LONDON (Reuters) - Liz Truss, the leading candidate to succeed Boris Johnson as British prime minister, promised to scrap all remaining European Union laws that still apply in Britain by 2023 if she wins the Conservative Party leadership contest.
Foreign Secretary Truss is up against former finance minister Rishi Sunak in a race to court the 200,000 members of the Conservative Party who over the course of the summer will vote to choose the country's new prime minister.
Britain's relationship with Europe remains of great concern to the Conservative Party membership, generally characterised as more eurosceptic than the wider population.
Hoping to tap into that, Truss, who campaigned for 'remain' in the 2016 referendum but is now seen as the heir to Johnson's pro-Brexit position, promised to purge all remaining EU laws from the statute books.
To avoid uncertainty and confusion as Britain untangled itself from the EU after 40 years of membership, the government automatically carried over thousands of EU laws and regulations into British law so that they would still apply after Brexit.
"EU regulations hinder our businesses and this has to change," Truss said in a statement.

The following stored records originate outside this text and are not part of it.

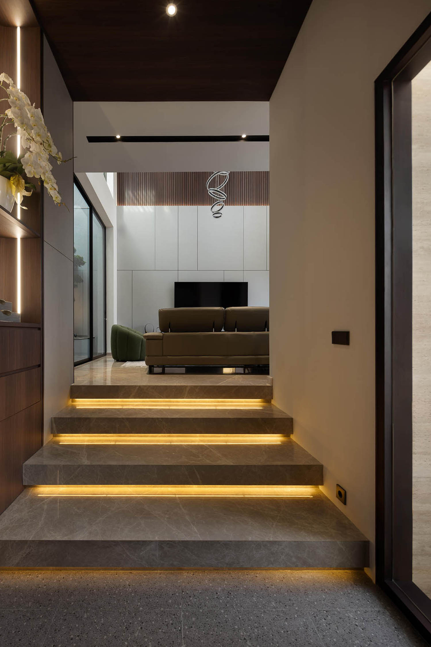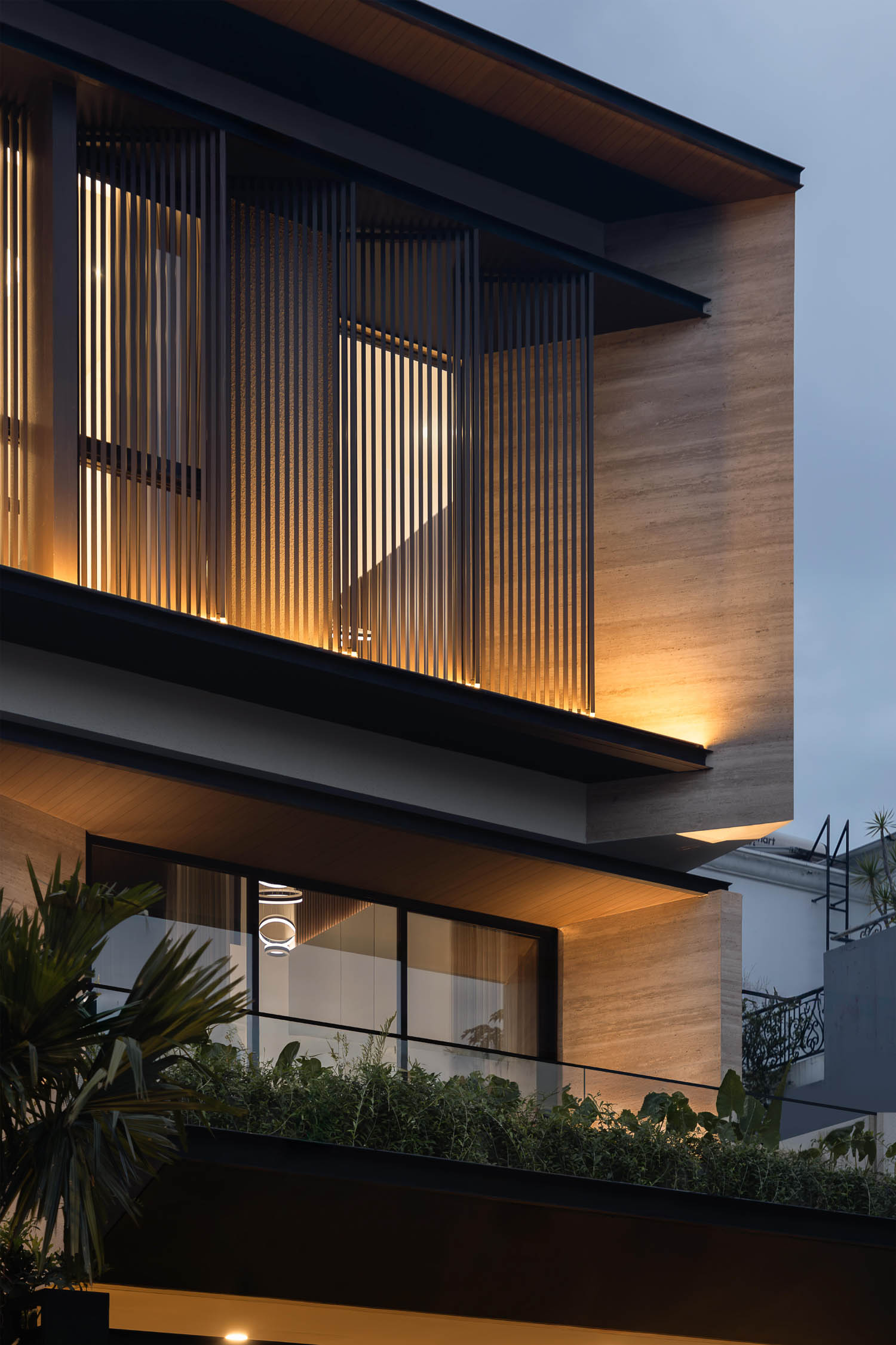 Emphasizing a modern tropical design, this house incorporates natural materials such as travertine marble, wood, and concrete. The façade features a sloping travertine frame, complemented by a spacious canopy and wooden lattice for effective shading.
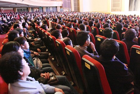 辛圭坤对在中使馆的干扰和妨碍下整个剧场连三楼都爆满,发出了舒心的感叹。
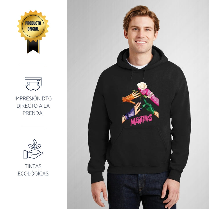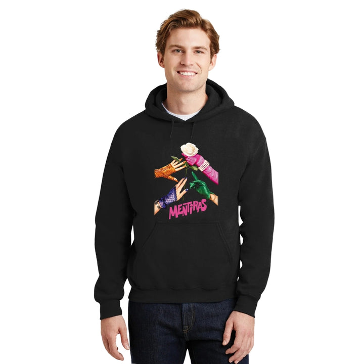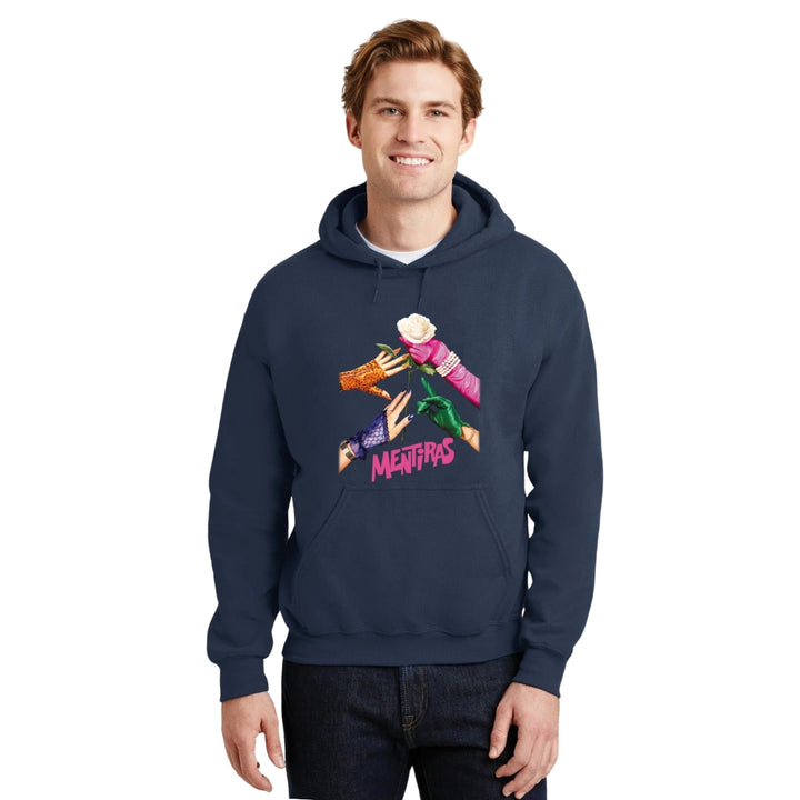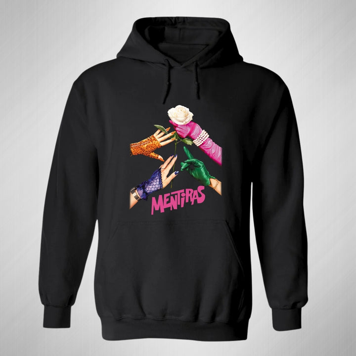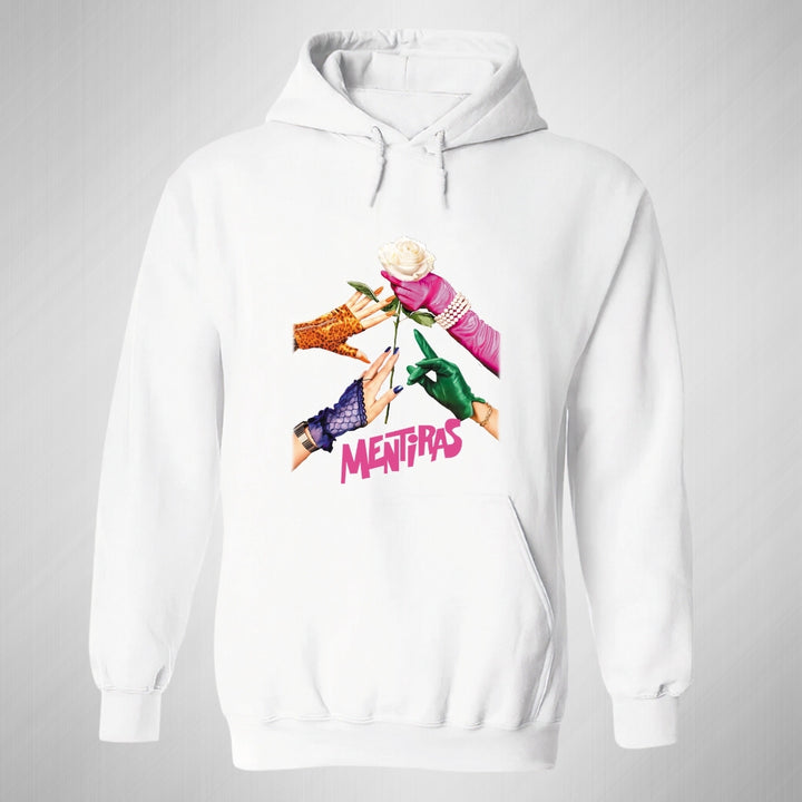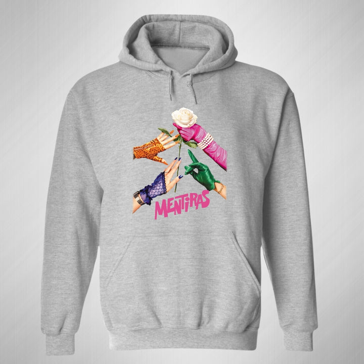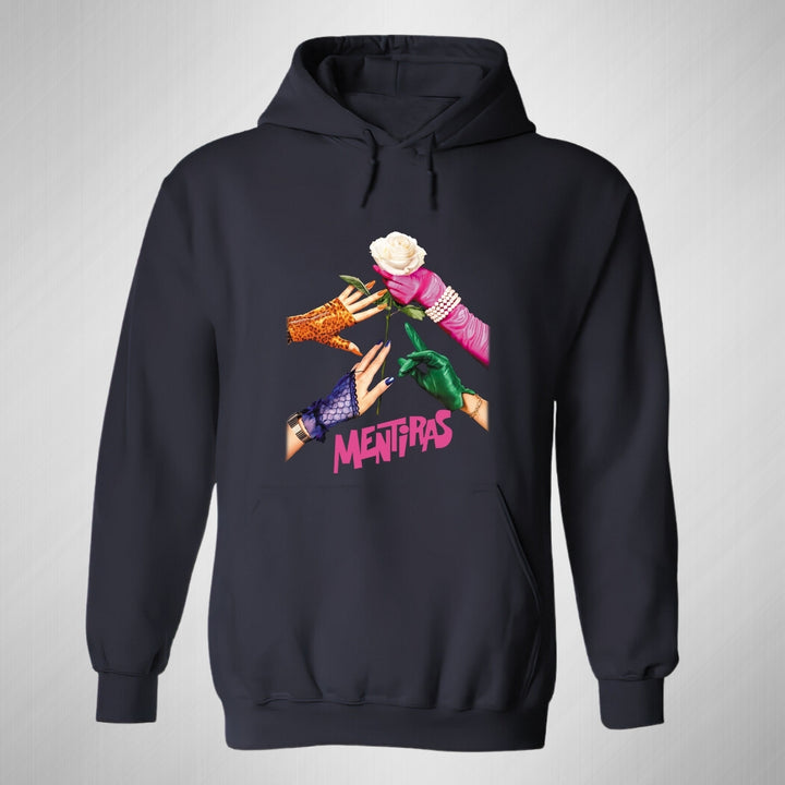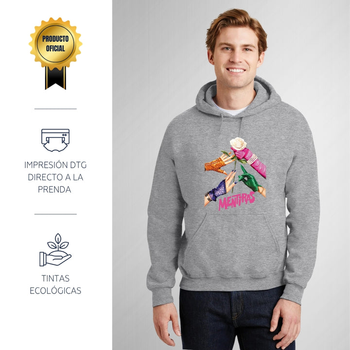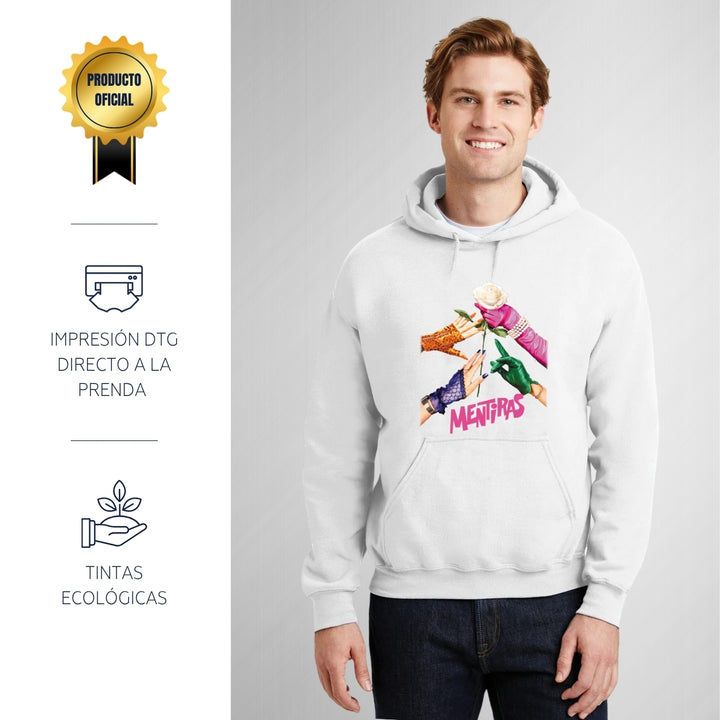 Sudadera hoodie de adulto con gorro o capucha y bolsillo frontal canguro, para hombre nueva, diseño Mentiras La Serie original impreso con tecnología DTG (directo a la prenda) tacto cero, uso casual o deportiva, 50% algodón y 50% poliéster fleece pre encogido, estructura tubular con ajuste clásico. Colores de sudadera: Negro, Blanco, Azul Marino, Gris.
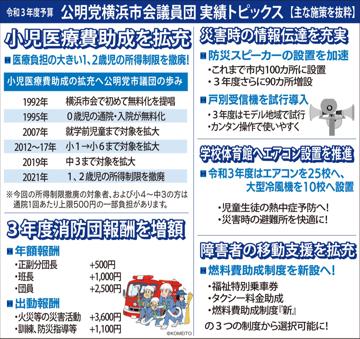 令和3年度予算で、公明党横浜市議団の提案・要望が多数実現していますので、下記に抜粋してご報告いたします。

The statement said she was setting out her credentials as the "Brexit delivery" prime minister.
"In Downing Street, I will seize the chance to diverge from outdated EU law and frameworks and capitalise on the opportunities we have ahead of us."
The government has already set out its intention to replace or repeal existing EU laws but had not set a timeframe.
Truss's deadline of 2023 is earlier than a similar pledge made by Sunak, who campaigned for Brexit in 2016 but has been vilified by some corners of the Conservative Party for raising taxes to their highest level in decades.
Sunak said EU law would be scrapped or reformed by the next election, which is expected in 2024. Truss leads Sunak by 62% to 38% among Conservative Party members, according to a YouGov poll on Thursday.